Activity:
Only the lines below from the one containing "Перейдите на пару" through the one containing "Sandalerne er syet" belong in the answer, repeated exactly and without pictures.

The data:
- Opening Delimiter -

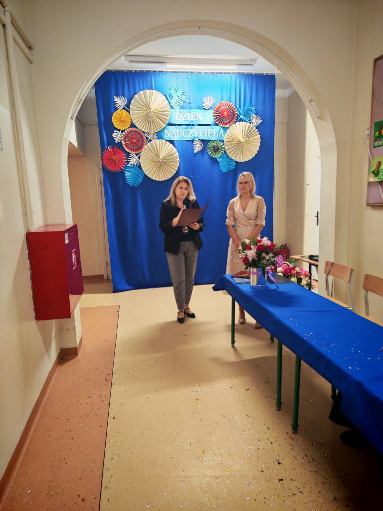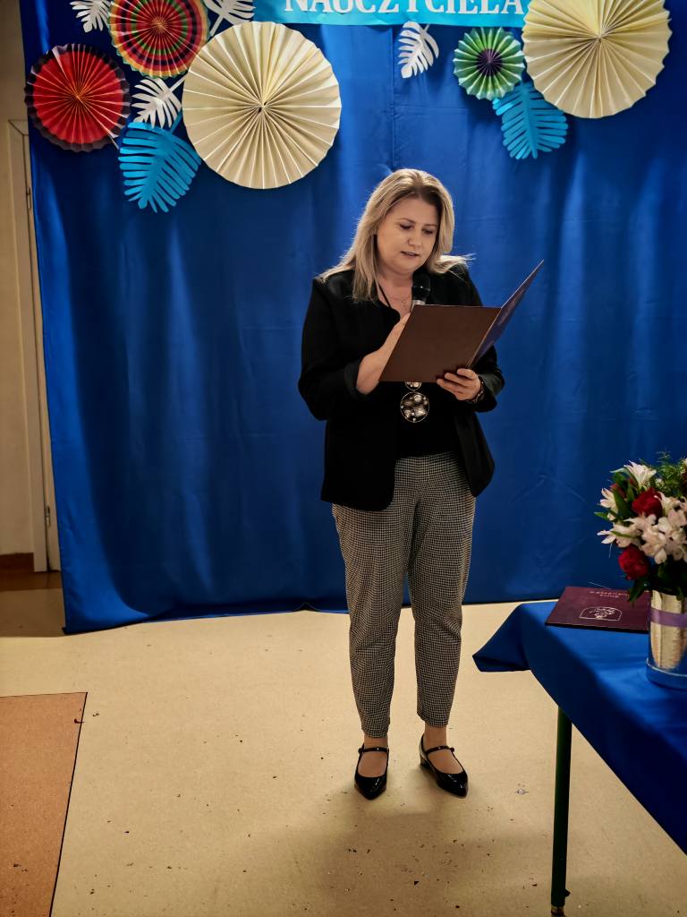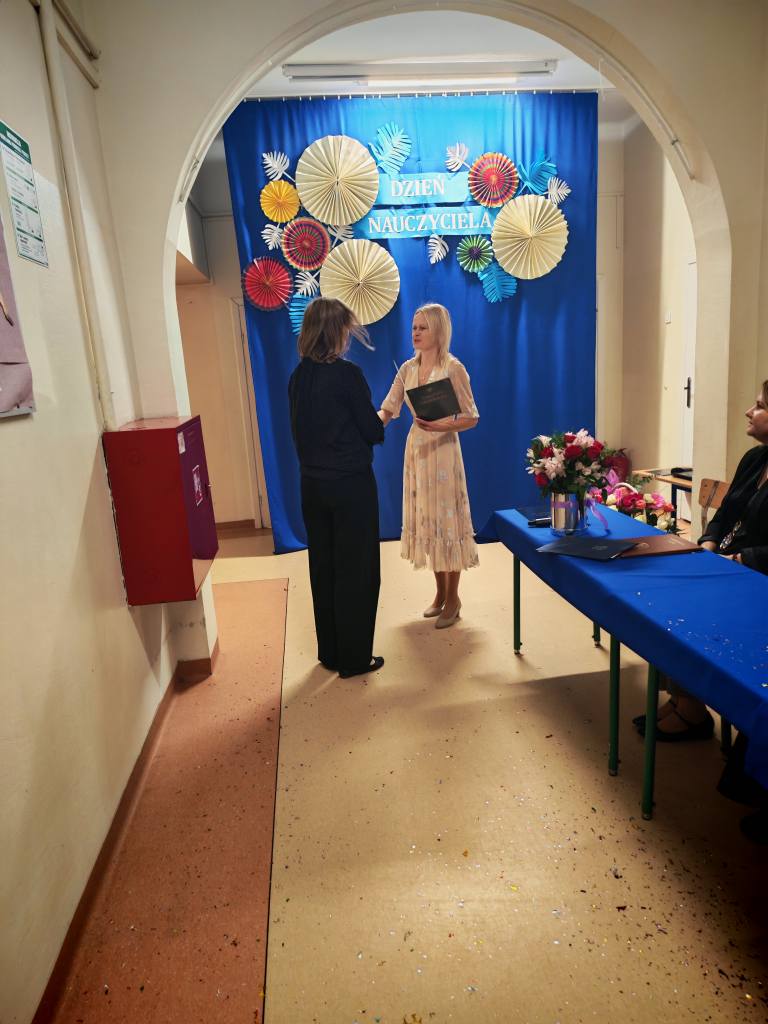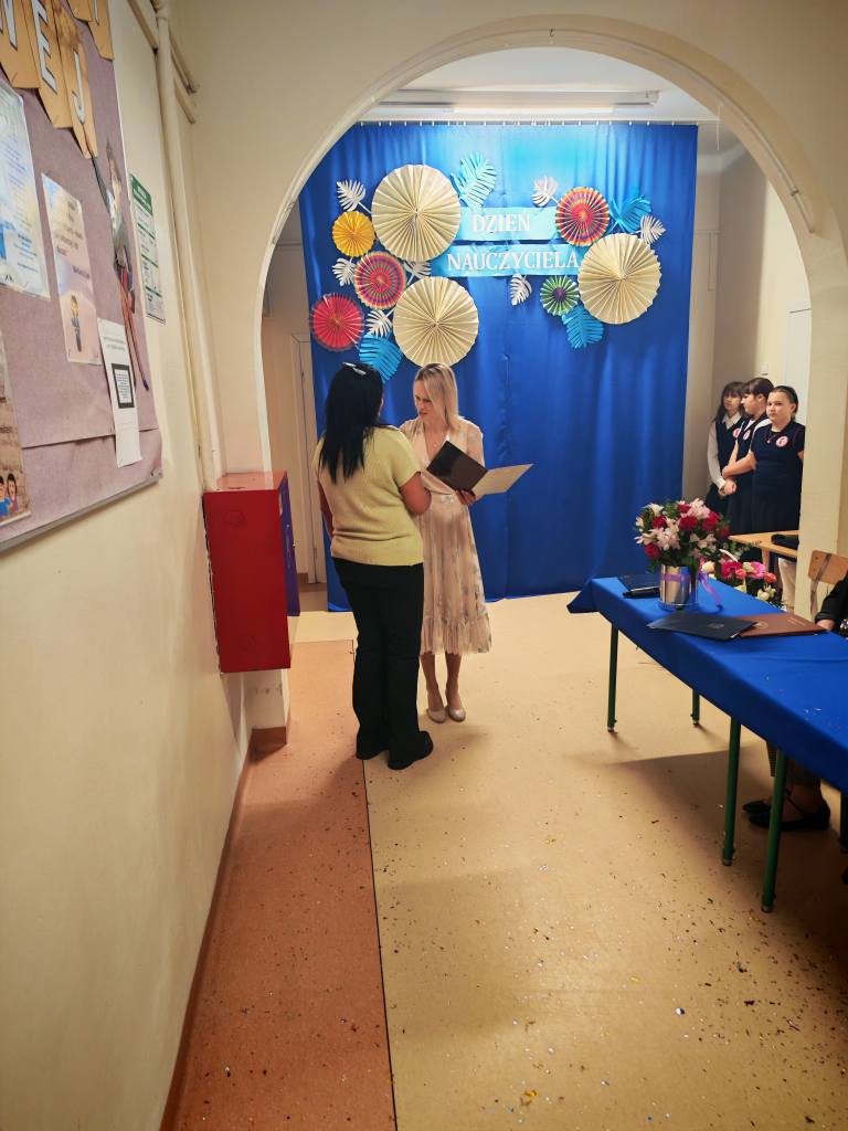 Po akademii Pani Dyrektor wręczyła Nagrody Dyrektora nauczycielom i pracownikom szkoły. Sama również otrzymała wyróżnienie, które przekazała jej Pani Izabella Kierasińska, reprezentująca Wójta Gminy Gniewoszów – Pana Marcina Szymona Gaca.
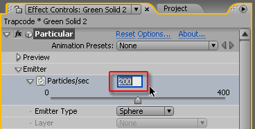 Перейдите на пару кадров вперед, и, не трогая часики, снова впечатайте значение 200. Теперь плотность эмиттера вырастает с нуля до двухсот частиц в течение двух кадров. Нажмите в цифровой части клавиатуры 0, и подождите, пока программа просчитает эффект. Получилось натурально.
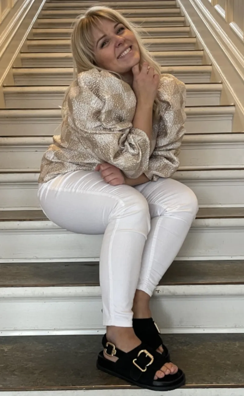Sandalerne er syet i ruskind og har en rem over foden som kan tilpasset.
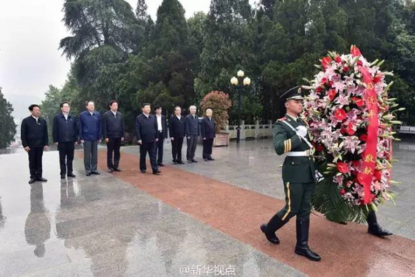 4月24日,習(xí)近平總書記到安徽考察,前往金寨縣向革命烈士紀(jì)念塔敬獻(xiàn)花籃。上午11時30分許,習(xí)近平的身影出現(xiàn)在安徽省六安市金寨縣紅軍廣場。霏霏細(xì)雨中,習(xí)近平向烈士紀(jì)念塔敬獻(xiàn)花籃。隨后,瞻仰了紅軍紀(jì)念堂,參觀了金寨縣革命博物館。

- Closing Delimiter -

Output below:
 Перейдите на пару кадров вперед, и, не трогая часики, снова впечатайте значение 200. Теперь плотность эмиттера вырастает с нуля до двухсот частиц в течение двух кадров. Нажмите в цифровой части клавиатуры 0, и подождите, пока программа просчитает эффект. Получилось натурально.
Sandalerne er syet i ruskind og har en rem over foden som kan tilpasset.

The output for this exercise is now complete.